Solution 2 - Ipython

This does not answer your question directly but I think it would help a lot of people that are having the same problem. You can move variables between notebooks easily and then continue running the functions on another notebook then move the result back to the main notebook.

For example:

Notebook 1:

%store X
%store y

Notebook 2:

%store -r X
%store -r y

new_df = ...
%store new_df

Notebook 1:

%store -r new_df 

Solution 3 - Ipython

I want to introduce a library that has this feature, this does not require multiple notebooks tricks etc...

Parsl is the Productive parallel programming in Python

Configuration

import parsl
from parsl.app.app import python_app, bash_app
parsl.load()

As an example, I edited this snippet from parsl/parsl-tutorial.
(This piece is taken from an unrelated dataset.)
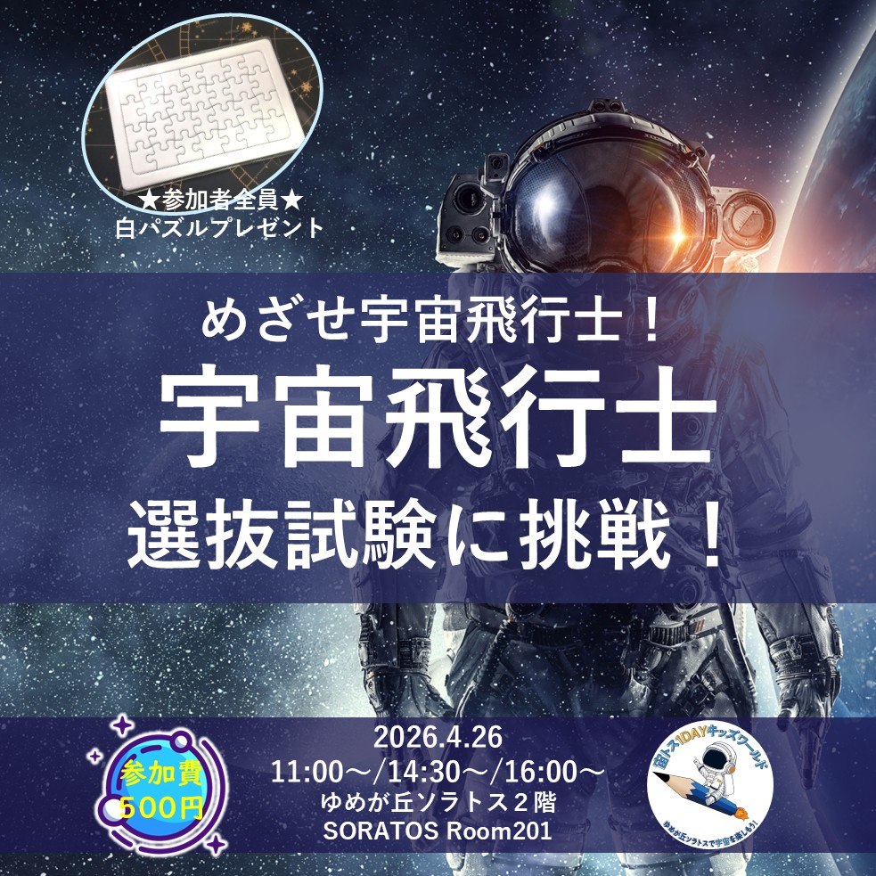 相鉄いずみ野線ゆめが丘駅直結大型商業施設「ゆめが丘ソラトス」にて、『宙トス1DAYキッズワールド』と題して、宇宙を楽しむワークショップ、ジュニア宇宙入門講座を、4月26日(日)に開催いたします。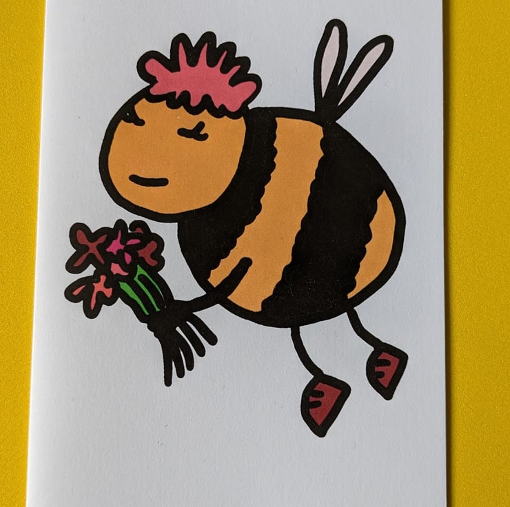 Super cute bee design featuring a flying bee holding a bunch of flowers. This is one of my popular sellers when I do craft fairs, so grab one quick!

# App that generates a random number after a delay
@python_app
def generate(limit,delay):
    from random import randint
    import time
    time.sleep(delay)
    return randint(1,limit)

# Generate 5 random numbers between 1 and 10
import time
st = time.time()
rand_nums = []
for i in range(5):
    rand_nums.append(generate(10, 1))

# Wait for all apps to finish and collect the results
outputs = [i.result() for i in rand_nums]
et = time.time()
print(f"Execution time: {et - st:.2f}")

# Print results
print(outputs)

Result:

Execution time: 3.00
[1, 6, 4, 8, 3]

> Note that the time it takes for the code to execute is 3s not 5s.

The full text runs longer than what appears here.